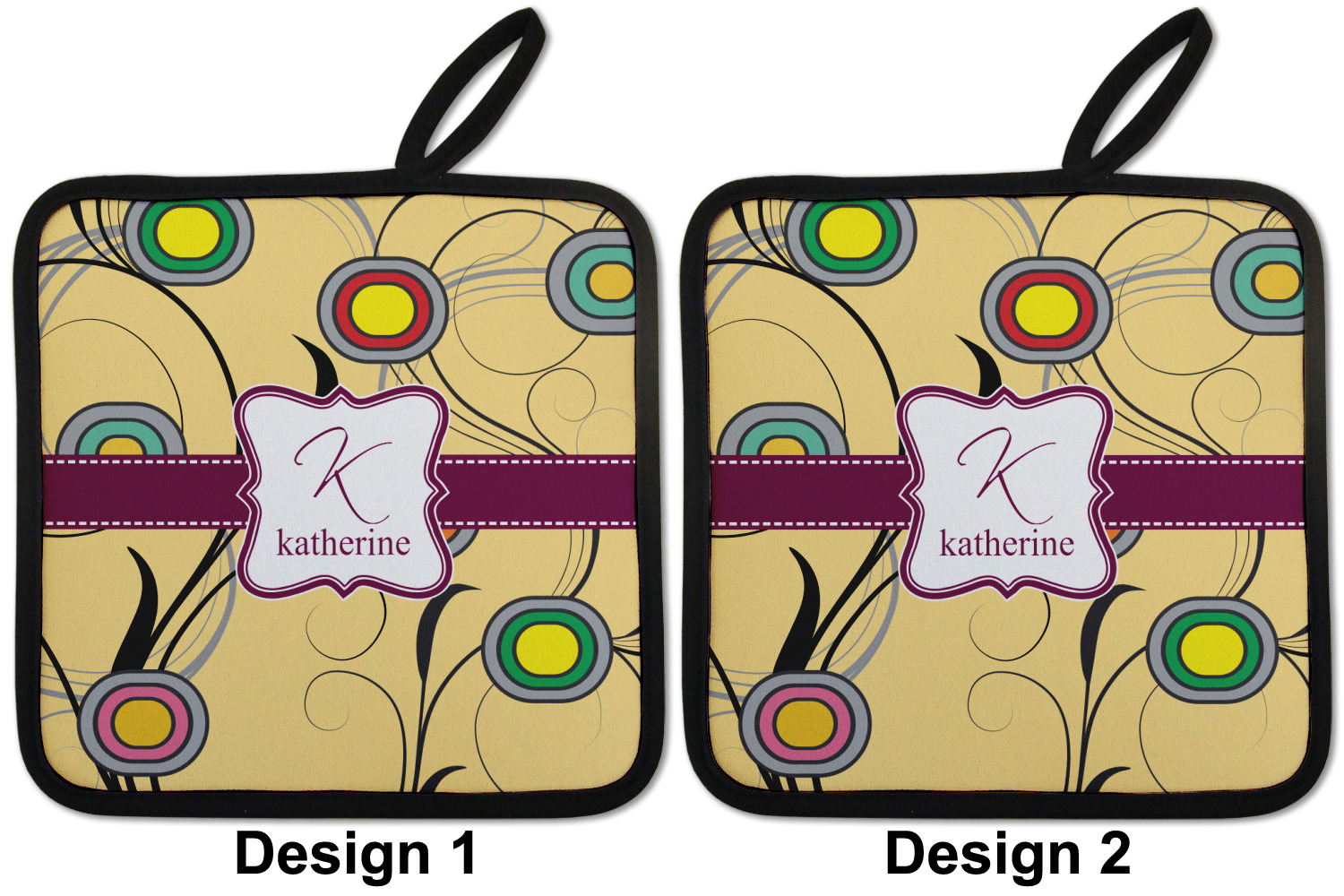 Our personalized pot holders feature a neoprene front that displays your personalization in vibrant colors. The backing of the hot pot holder is rubberized; the textured backing allows you to have a great grip when using this custom pot holder. The two materials are joined with a sleek, black trim, and the holder also includes an attached loop for hanging and storage. The pot holder is approximately 8.75 inches by 8.75 inches and 0.25 inches tall, while the fabric loop is 2.5 inches long. You can purchase a kitchen pot holder by itself or as a set of 2. We also offer a set including one pot holder and one oven mitt.
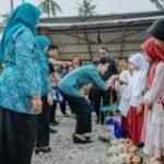 Ketua TP PKK Kahiyan Ayu menabur 15.000 benih ikan nila di Desa Pematangsera i, Kecamatan Tanjungpura, Kabupaten Langkat
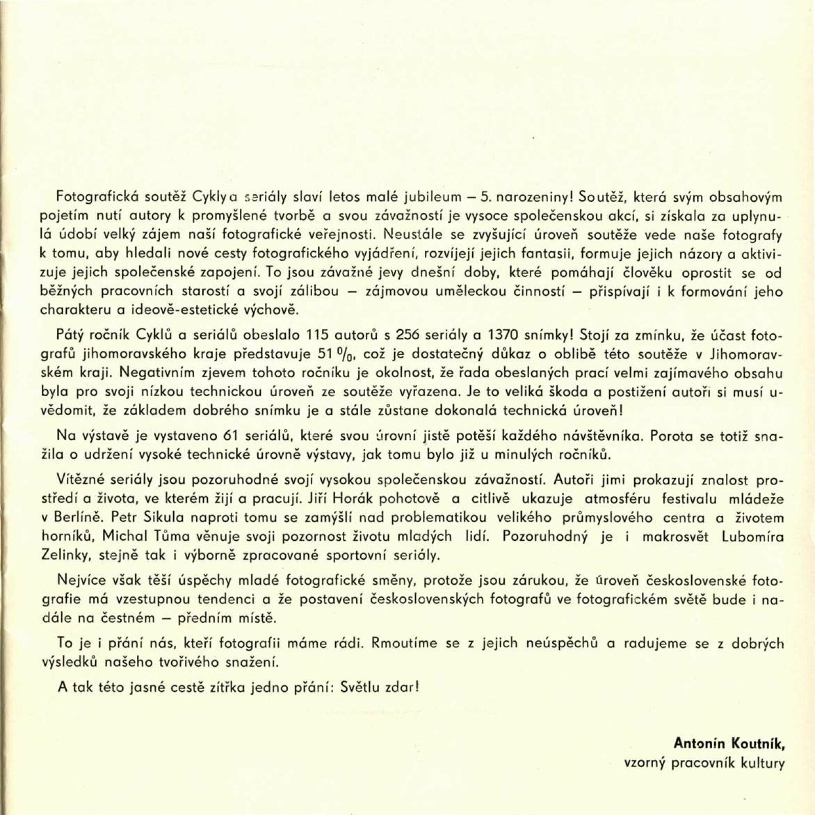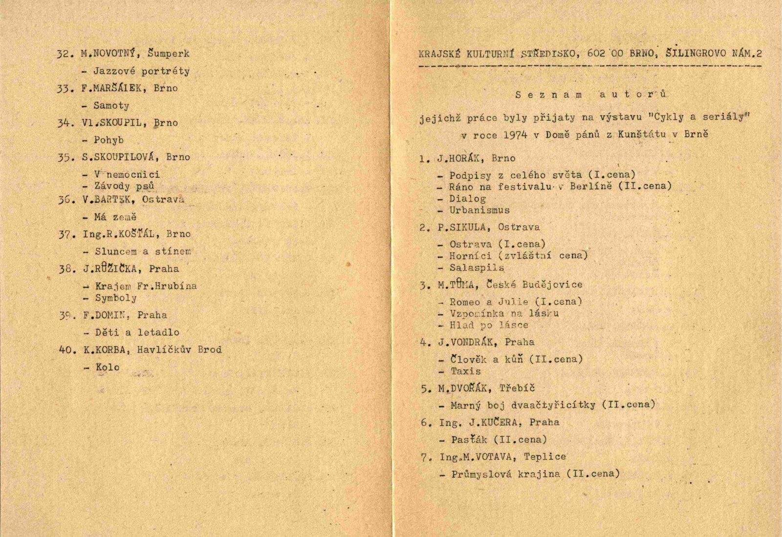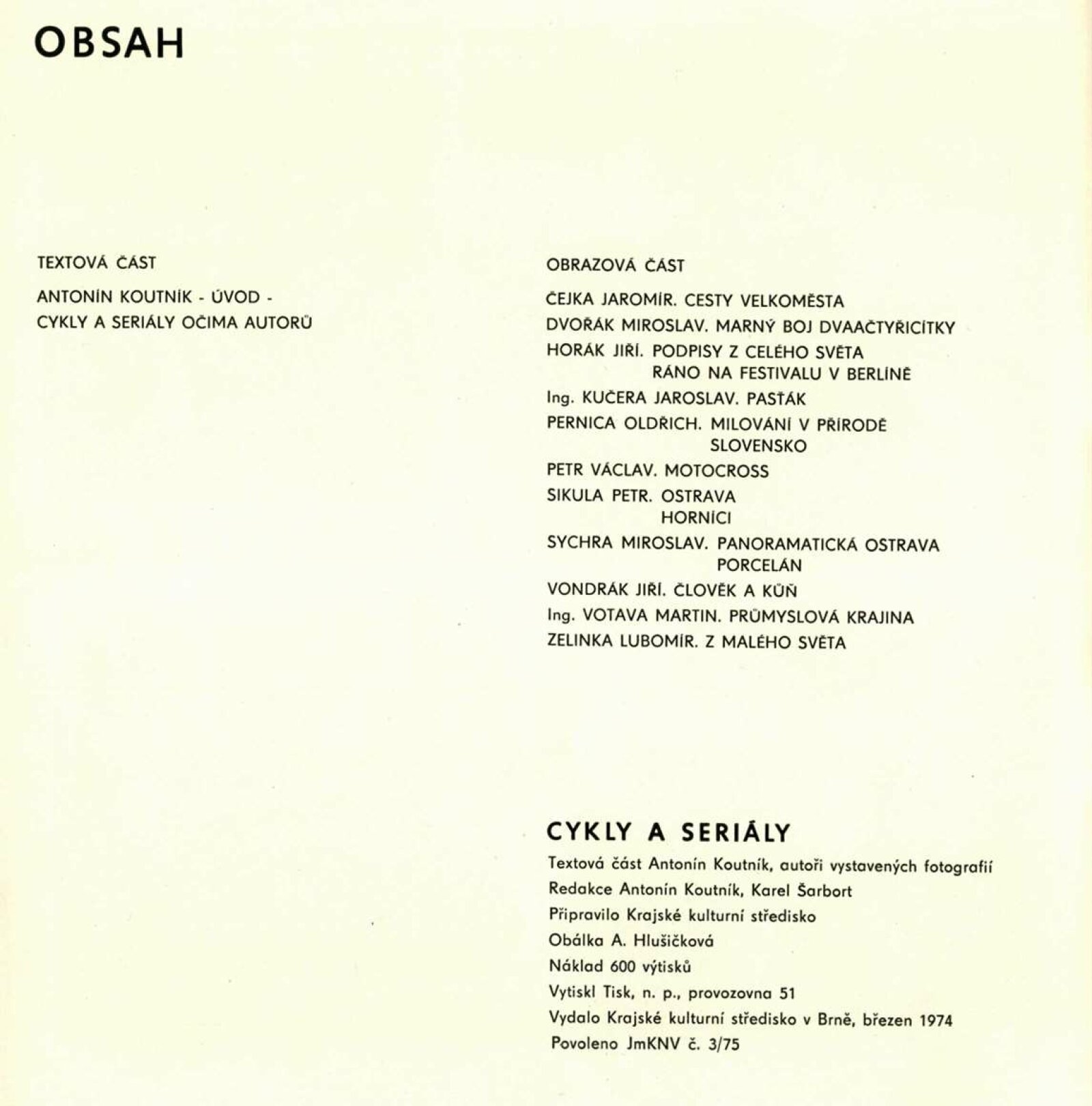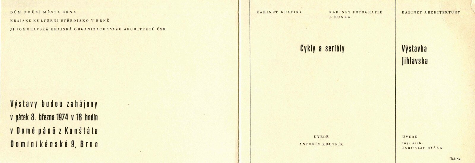 Cykly a seriály: Dům umění / Dům pánů z Kunštátu, 8. 3. – 14. 4. 1974 / Katalog výstavy pořádané Krajským kulturním střediskem a Domem umění města Brna. – Texty: Antonín Koutník a někteří autoři fotografií. – Brno: Krajské kulturní středisko, 1974. – 24 s., obr., DPK 564

......

**Aim of the exercise**
Exactly the lines from the one containing "Ketua TP PKK" through the last line of the material above, both included and free of pictures, should make up your answer, please.

**Reply**
 Ketua TP PKK Kahiyan Ayu menabur 15.000 benih ikan nila di Desa Pematangsera i, Kecamatan Tanjungpura, Kabupaten Langkat
 Cykly a seriály: Dům umění / Dům pánů z Kunštátu, 8. 3. – 14. 4. 1974 / Katalog výstavy pořádané Krajským kulturním střediskem a Domem umění města Brna. – Texty: Antonín Koutník a někteří autoři fotografií. – Brno: Krajské kulturní středisko, 1974. – 24 s., obr., DPK 564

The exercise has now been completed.